Mend Physical Therapy Blog and Injury Information

Hip Strength Alone Not Found To Be Associated With Knee Running Mechanics

June 8, 2020


Biomechanics in sports are essential to both performance and injury risk becoming more important as athletes begin to increase their training volume and reach higher levels of performance. Among runners poor biomechanics in the lower quarter have been associated with reduced running economy and in turn performance, as well as, overuse injuries such as patellofemoral pain. Contrary to internet wisdom and recommendations researchers have not agreed upon an ideal running gait in a healthy runner. Conversely, gait retraining by a Physical Therapist can help reduce abnormal forces in symptomatic runners.

In addition to a gait retraining assessment, Physical Therapists examine each runner to identify contributing impairments, such as weakness and tightness, which may have precipitated or perpetuated a runner’s current symptoms. Strength and biomechanics may or may not be associated with each other in runners. It is not uncommon to identify runners with adequate strength but poor mechanics or weak runners who improve their strength and continue to run pain free with poor mechanics. A recent study highlights the relationship between flexibility strength and running mechanics.

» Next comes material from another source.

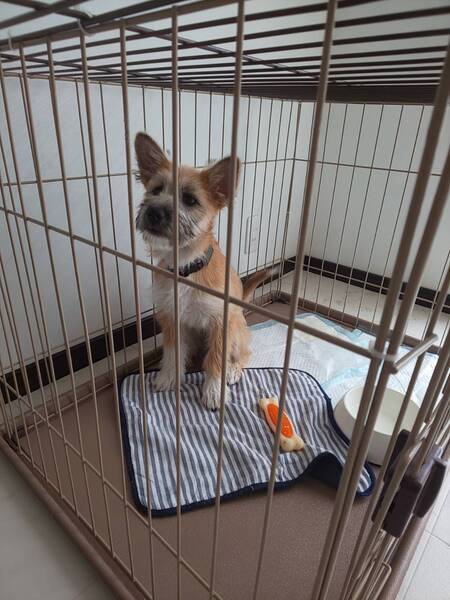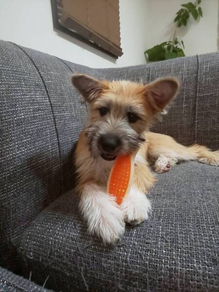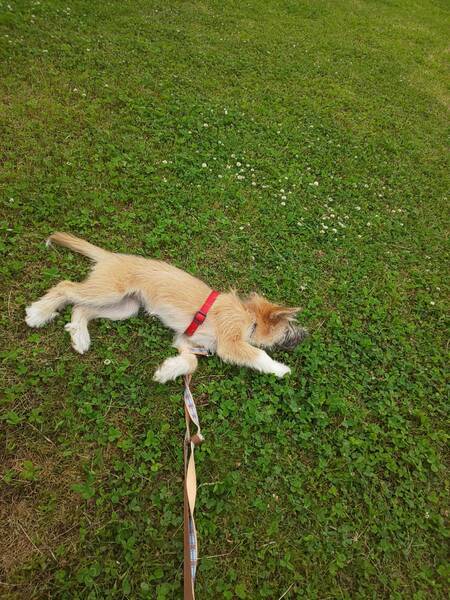 | 特徴(性格など) | テリア風なもしゃもしゃ毛が可愛いリーベちゃん。生後4カ月で体重は5kgほど。将来は中型犬になります 明るく陽気で人も犬も好き。お散歩は得意。でもまだ子供で、病院や知らない場所では緊張しておとなしくなります。 寂しがりでケージにひとりで入っているのは苦手で出たがります。室内フリーにしていると満足。 |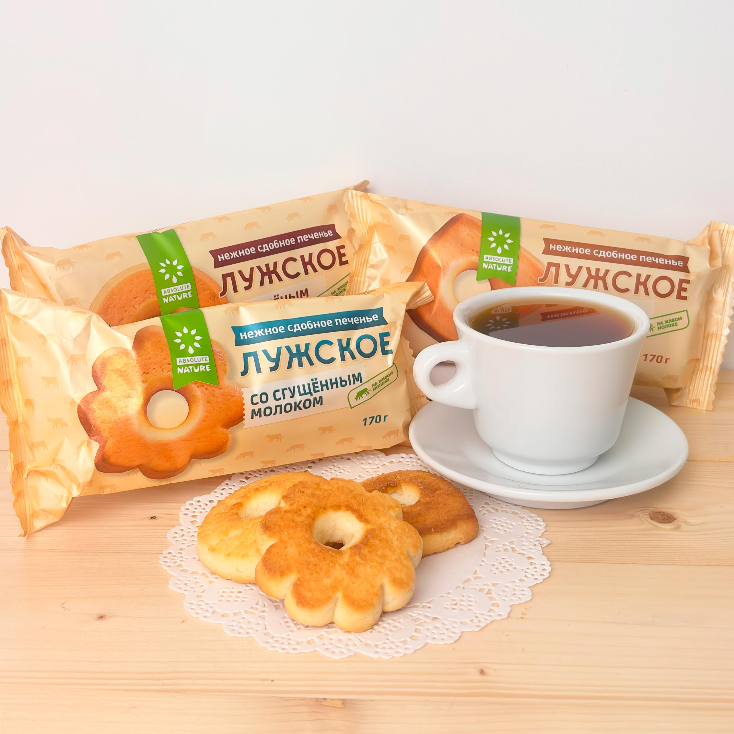 То самое легендарное сдобное печенье «Лужское», известное своим неповторимым качеством и запоминающееся хрусткостью

Zeitoune and colleagues recruited 29 healthy runners to determine the association between their clinical examination of strength, endurance, and flexibility and a running gait evaluation (Gait and Posture. 2020). Authors used a three dimensional motion analysis to document a runner’s gait. They reported a runner’s relative pelvic drop and hip adduction (opposite pelvic drop from stance leg and inward motion of the thigh under the pelvis) were associated with ankle eversion (outward movement of the foot relative to the ankle) in stance. No correlation was found between hip strength (gluteus maximus and medius/minimus) and knee position or valgus in these runners.

This study highlights the importance of not assuming muscle weakness in athlete’s with poor mechanics. If the athlete is weak the first step is building a muscle’s capacity to handle the demands of sport with strength training. The second step includes sport specific interventions to train an athlete to utilize this capacity to improve their mechanics and in turn performance.